In this work, a new IL-MG was synthesized by a simple and time-saving one-pot strategy where the synthesis of magnetic Fe3O4, the modification with an IL, and the reduction of graphene oxide (GO) to graphene were conducted at the same time to provide multiple binding sites. The IL-MG has hierarchical flake structures because the IL and Fe3O4 nanoparticles can act as spacers inserting between the layers of graphene and effectively enlarge the layer spacing. The proposed IL-MG-MDSPE method combines the excellent adsorption ability of IL-MG and the rapid extraction efficiency of MDSPE, which was successfully applied to rapidly isolate and analyze triazine herbicides from surface water.


Chemicals and reagents

Cyanazine, ametryn and atrazine were purchased from Sigma-Aldrich Co., Ltd (St Louis, USA). 1-(3-Aminopropyl)-3-methylimidazolium chloride hydrochloride (ApMeIm+Cl) was purchased from Shanghai Chengjie Chemical Co.
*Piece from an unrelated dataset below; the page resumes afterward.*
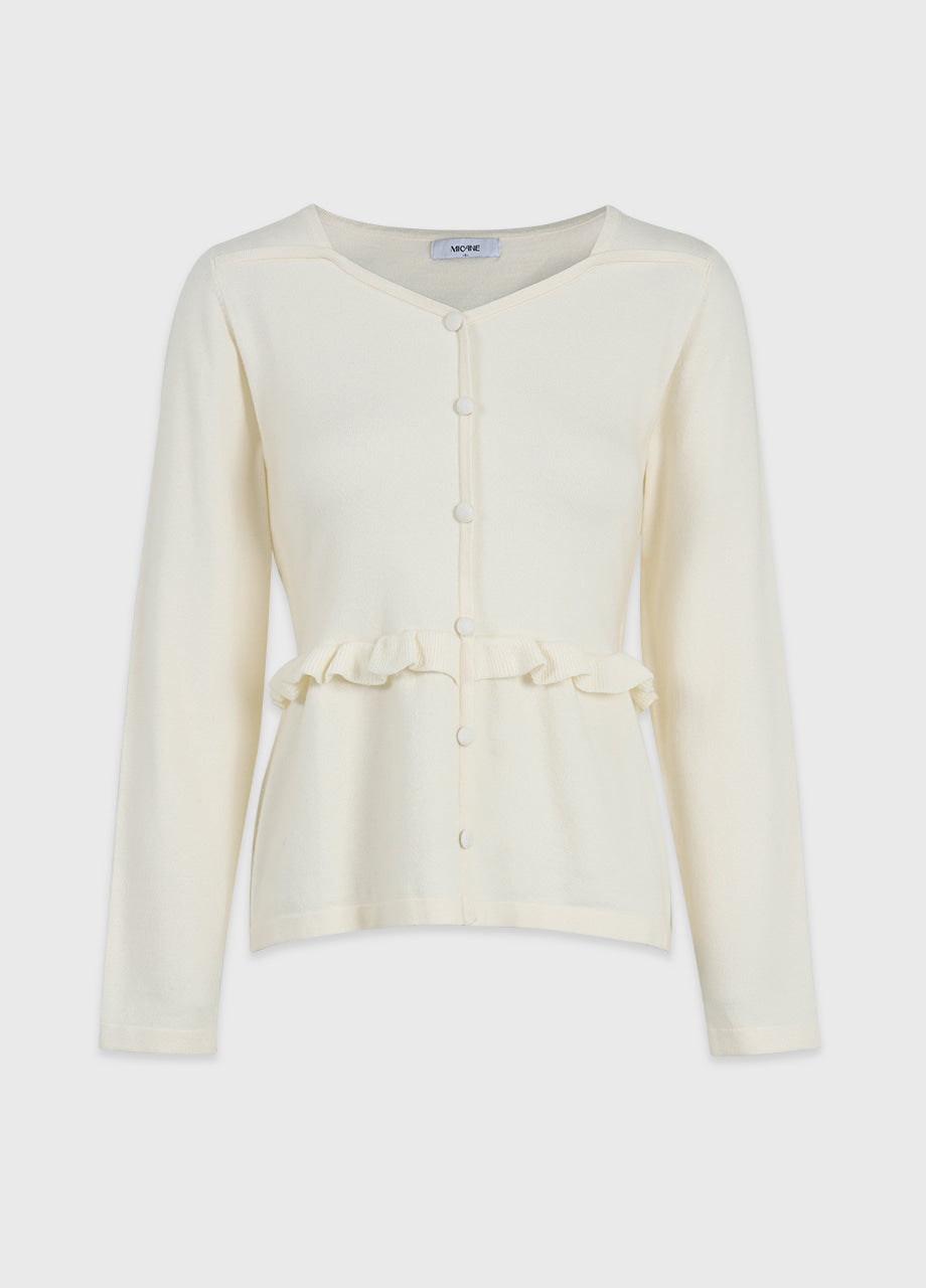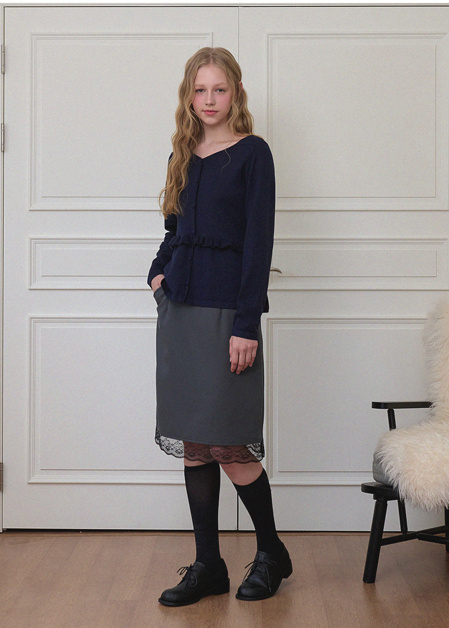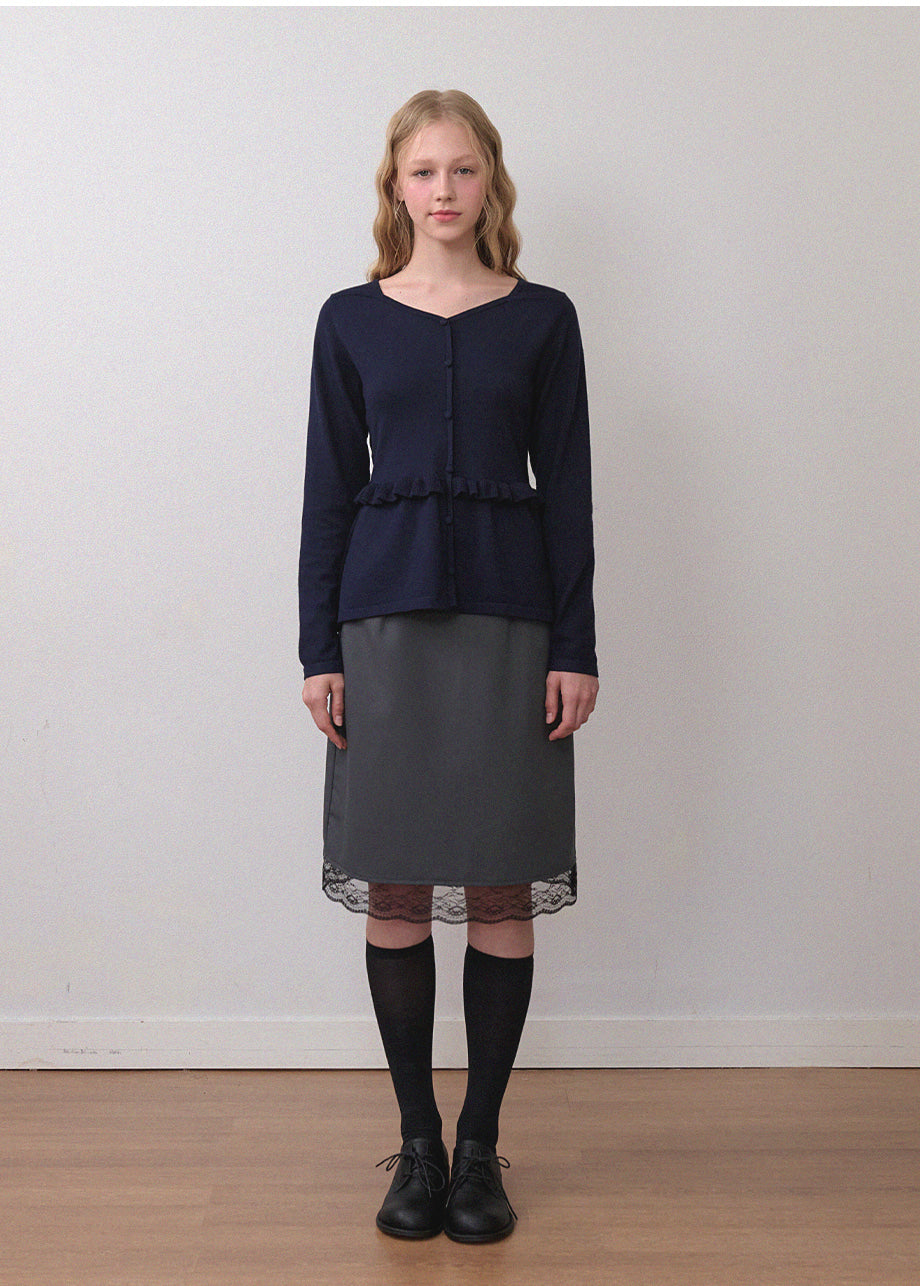 ビンテージラブリームードが際立つニットです。柔らかく、密度の高い生地で仕立てられており、快適な着心地を楽しめます。スクエアハートラインのデザインにルーズフィットなシルエットで、様々なコーディネートに活用できます。ウエストのサイドにストラップを加え、後ろで結ぶことで、よりスリムなウエストラインを演出。また、ウエストラインに施されたフリルディテールがシンプルすぎず、ラブリーな雰囲気を添えてくれます。ネック後ろ中央にはペンダントで装飾を施し、上品に仕上げました。*装飾が施された製品のため、クリーニング専門店でのお手入れをおすすめいたします。

Ltd (Shanghai, China). Graphite powder (500 mesh, 99.95%), iron(III) chloride hexahydrate (FeCl3·6H2O), iron(II) chloride tetrahydrate (FeCl2·4H2O), potassium hydroxide (KOH), potassium permanganate (KMnO4), hydrochloric acid (HCl), and hydrogen peroxide (H2O2) were purchased from Huadong Chemical Reagent Co. Ltd (Tianjin, China). Methanol, acetonitrile, acetone and trifluoroacetic acid (TFA) were obtained from Kermel Chemical Co., Ltd (Tianjin, China). Methanol (HPLC grade) was obtained from Xingke Biochemistry Co., Ltd (Shanghai, China). The water used was double-deionized and filtered with a 0.45 μm filter membrane.

Instruments and conditions

HPLC analysis was performed by using an UltiMate 3000 equipped with a VWD-3100 UV-VIS detector (Thermo Fisher Scientific, Massachusetts, USA). The morphological evaluation was performed by using a Phenom Pro scanning electron microscope (SEM) (Phenom, Eindhoven, Netherland). The specific surface area was evaluated by using a TriStar II 3020 pore size and surface area analyzer (Micromeritics, Norcross, USA). The freeze dryer was purchased from SIM International Group (California, USA). The detection wavelength of the detector was set at 224 nm. The analytical column was purchased from Welch Materials, Inc. (Ultimate AQ-C18, 4.6 mm × 250 mm, 5 μm). The mobile phase was water-methanol (4[thin space (1/6-em)]:[thin space (1/6-em)]6, v/v, containing 0.5% TFA) with a flow rate of 1.0 mL min−1.

Synthesis of IL-MG composite

Graphite powder (1.00 g) was added into 45 mL of H2SO4 with stirring in an ice-bath for 30 min. After dispersing sufficiently, 3.00 g of KMnO4 was added gradually, and the mixture was kept stirring for 24 h at room temperature. After that, 60 mL of water was slowly added in the ice-bath with stirring for 1 h. Then 3 mL of H2O2 was added to the mixture with stirring for 1 h. Finally, the mixture was washed with 5% HCl to remove metal ions, followed by washing with water to achieve pH 7, and graphite oxide was obtained.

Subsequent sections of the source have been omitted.